First. It is beyond serious question that a tax does not cease to be valid merely because it regulates, discourages, or even definitely deters the activities taxed. Sonzinsky v. United States, 300 U. S. 506, 513-514 (1937). The principle applies even though the revenue obtained is obviously negligible, Sonzinsky v. United States, supra, or the revenue purpose of the tax may be secondary, Hampton & Co. v. United States, 276 U. S. 394 (1928). Nor does a tax statute necessarily fall because it touches on activities which Congress might not otherwise regulate. As was pointed out in Magnano Co. v. Hamilton, 292 U. S. 40, 47 (1934):

*45 "From the beginning of our government, the courts have sustained taxes although imposed with the collateral intent of effecting ulterior ends which, considered apart, were beyond the constitutional power of the lawmakers to realize by legislation directly addressed to their accomplishment."

These principles are controlling here. The tax in question is a legitimate exercise of the taxing power despite its collateral regulatory purpose and effect.

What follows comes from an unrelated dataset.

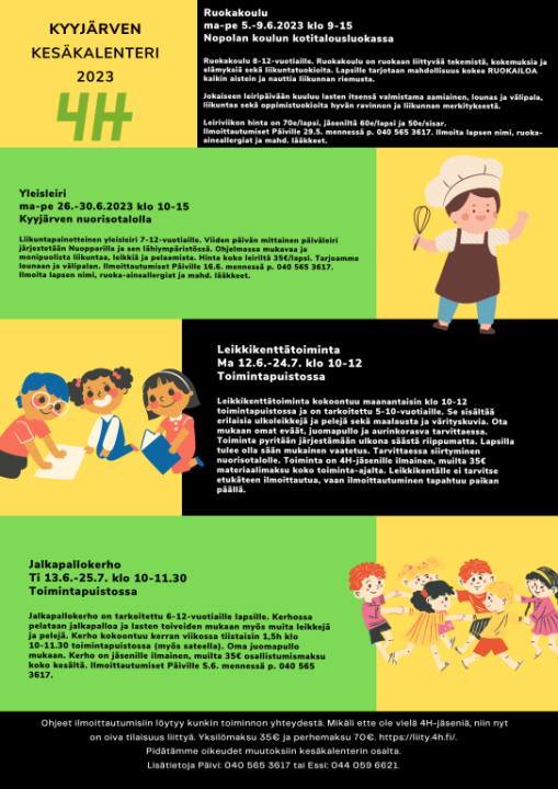 Leikkikenttätoiminta kokoontuu maanantaisin klo 10-12 toimintapuistossa ja on tarkoitettu 5-10-vuotiaille. Se sisältää erilaisia ulkoleikkejä ja pelejä sekä maalausta ja värityskuvia. Ota mukaan omat eväät, juomapullo ja aurinkorasva tarvittaessa. Toiminta pyritään järjestämään ulkona säästä riippumatta. Lapsilla tulee olla sään mukainen vaatetus. Tarvittaessa siirtyminen nuorisotalolle. Toiminta on 4H-jäsenille ilmainen, muilta 35€ materiaalimaksu koko toiminta-ajalta. Leikkikentälle ei tarvitse etukäteen ilmoittautua, vaan ilmoittautuminen tapahtuu paikan päällä.
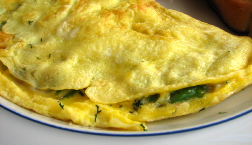 I sprayed a non-stick skillet with olive oil spray, added the egg mixture, lowered the temperature to 3, and allowed the eggs to solidify without browning at the bottom. Once they were semisolid I lowered the temperature further (I don’t like crisped omelette!), added the sautéed veggies onto one half and sprinkled the whole thing with shredded cheese – shredded sharp cheddar works really well for me, but mozzarella is good, too. I topped the cheese with chopped cilantro and folded the omelette in half. I cut it into two pieces-- and lunch was ready!

Second. The tax levied by § 2590 (a) (2) is not conditioned upon the commission of a crime. The tax is on the transfer of marihuana to a person who has not paid the special tax and registered. Such a transfer is not made an unlawful act under the statute. Liability for the payment of the tax rests primarily with the transferee; but if he fails to pay, then the transferor, as here, becomes liable. It is thus the failure of the transferee to pay the tax that gives rise to the liability of the transferor. Since his tax liability does not in effect rest on criminal conduct, the tax can be properly called a civil rather than a criminal sanction. The fact Congress provided civil procedure for collection indicates its intention that the tax be treated as such. Helvering v. Mitchell, 303 U. S. 391 (1938). Moreover, the Government is seeking to collect the levy by a judicial proceeding with its attendant safeguards. Compare Lipke v. Lederer, 259 U. S. 557 (1922); Tovar v. Jarecki, 173 F. 2d 449 (C. A. 7th Cir. 1949).

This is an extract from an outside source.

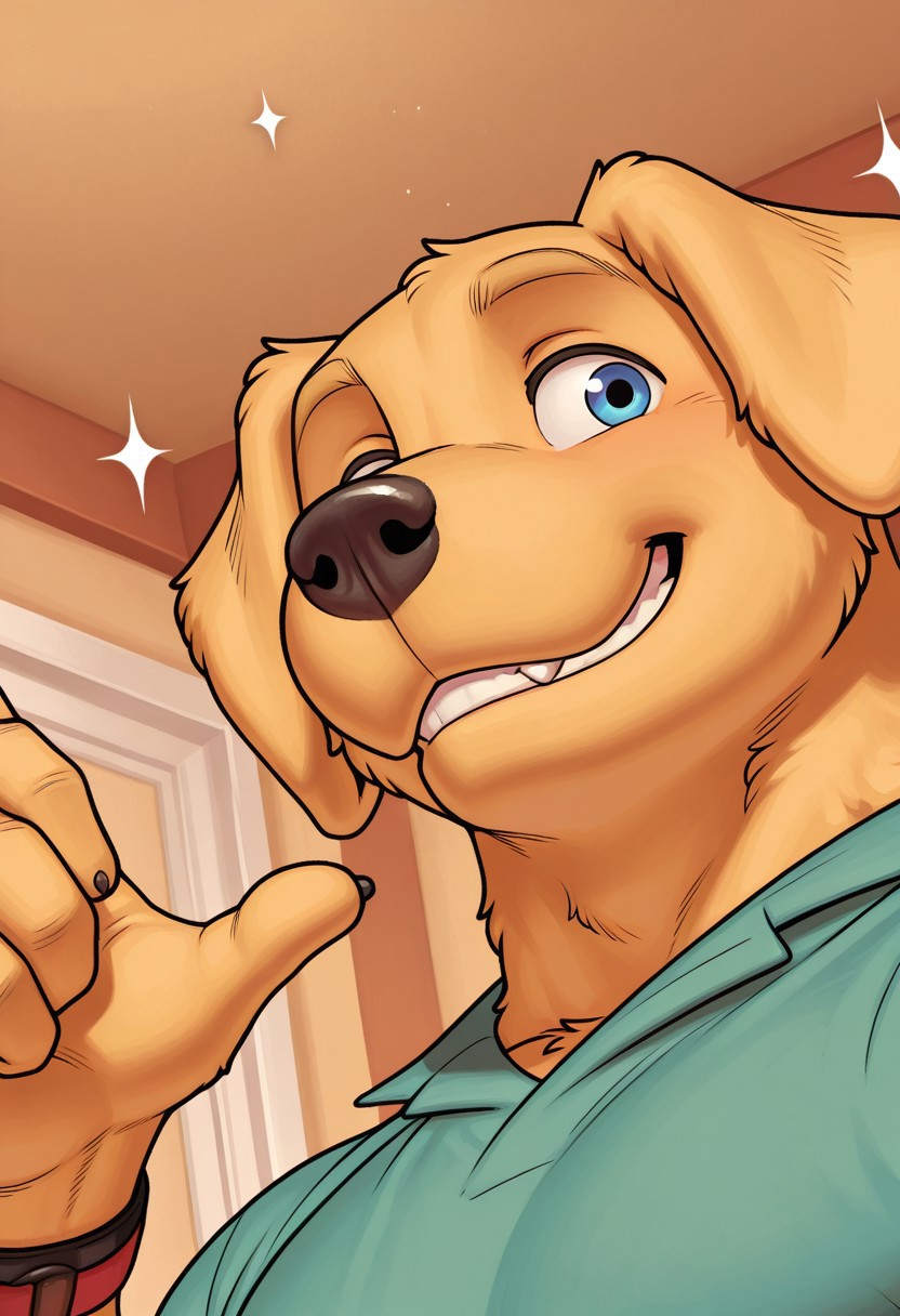 强化提示词:“金毛寻回犬,毛茸茸,尾巴,蓝眼睛,健壮,有肌肉的男性,运动型身材,宽大的胸肌”

Nor is the civil character of the tax imposed by § 2590 (a) (2) altered by its severity in relation to that assessed by § 2590 (a) (1). The difference has a rational foundation. Unregistered persons are not likely to procure the required order form prior to transfer or pay the required tax. Free of sanctions, dealers would be prone to accommodate such persons in their unlawful activity. The imposition of equally severe tax burdens on such *46 transferors is reasonably adapted to secure payment of the tax by transferees or stop transfers to unregistered persons, as well as to provide an additional source from which the expense of unearthing clandestine transfers can be recovered. Cf. Helvering v. Mitchell, supra.

The judgment below must be reversed and the cause remanded for further proceedings in conformity with this opinion.

Reversed.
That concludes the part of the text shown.